**Dataset content:**
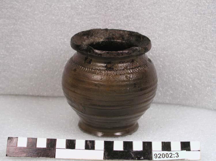 Pulleavatsainen keramiikkaruukku. Suureuna muotoiltu "neliapilan" malliseksi. Ruukku on leikattu irti dreijasta. Astian kylkiosassa loiva rihlauskoristelu. Astian yläosassa, olan yläpuolella rullaleimalla tehty pykäläviivakoristelu. Esineen konservointi on yhä kesken.
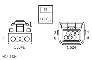 - Measure the resistance between master window control switch C504B, harness side and LH front power window motor C524, harness side using the following chart:
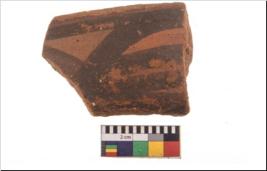 | Description / विवरण | Specimen of potsherd with black decorative geometric painting. Type Black on Red Ware . |
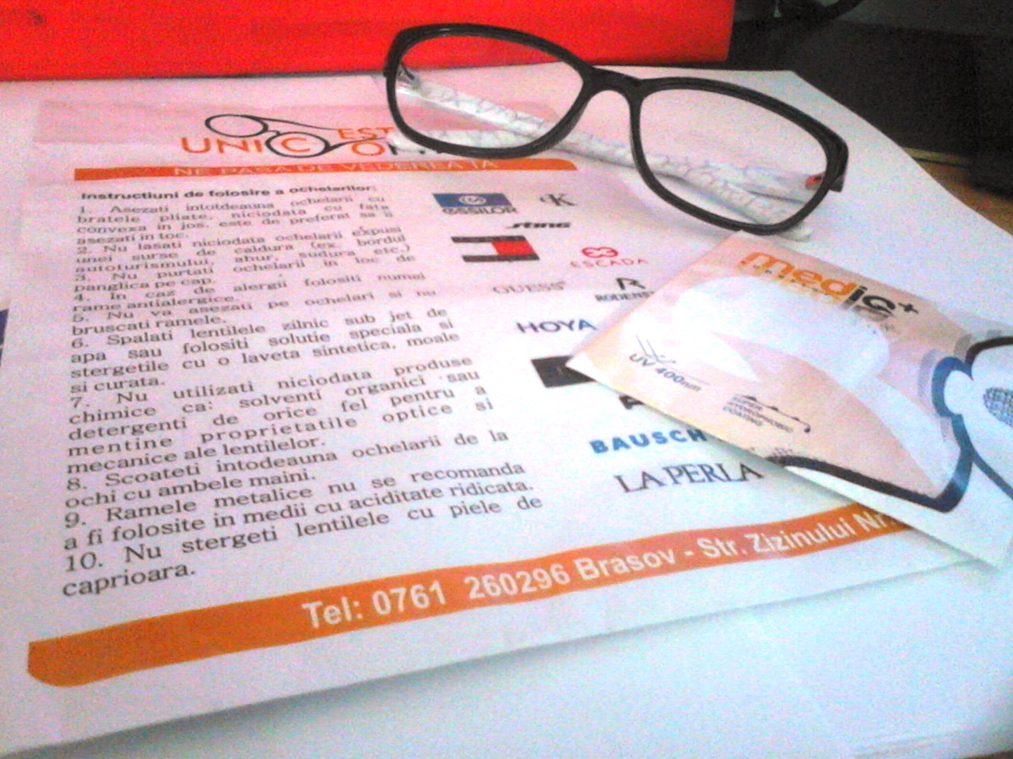 Am început cu fluturaşul găsit într-o zi la cutia de scrisori. „Firma specializată în servicii de optică medicală se deplasează în data de 2, 3, 4, 5 decembrie 2014, orele 10-16, în Tîrgu Mureş, în incinta Casei de Cultură a Sindicatelor pe str. Cuza Vodă nr. 22 , cu specialişti în domeniu şi cu aparatură computerizată”, mă anunţa „Aceeaşi firmă care revine de 2 ani la solicitarea dumneavoastră!”

**The problem:** Every line from the one holding "- Measure the" to the last line of the listing above, inclusive, must appear exactly as written, and no picture may appear.

**Response:**
 - Measure the resistance between master window control switch C504B, harness side and LH front power window motor C524, harness side using the following chart:
 | Description / विवरण | Specimen of potsherd with black decorative geometric painting. Type Black on Red Ware . |
 Am început cu fluturaşul găsit într-o zi la cutia de scrisori. „Firma specializată în servicii de optică medicală se deplasează în data de 2, 3, 4, 5 decembrie 2014, orele 10-16, în Tîrgu Mureş, în incinta Casei de Cultură a Sindicatelor pe str. Cuza Vodă nr. 22 , cu specialişti în domeniu şi cu aparatură computerizată”, mă anunţa „Aceeaşi firmă care revine de 2 ani la solicitarea dumneavoastră!”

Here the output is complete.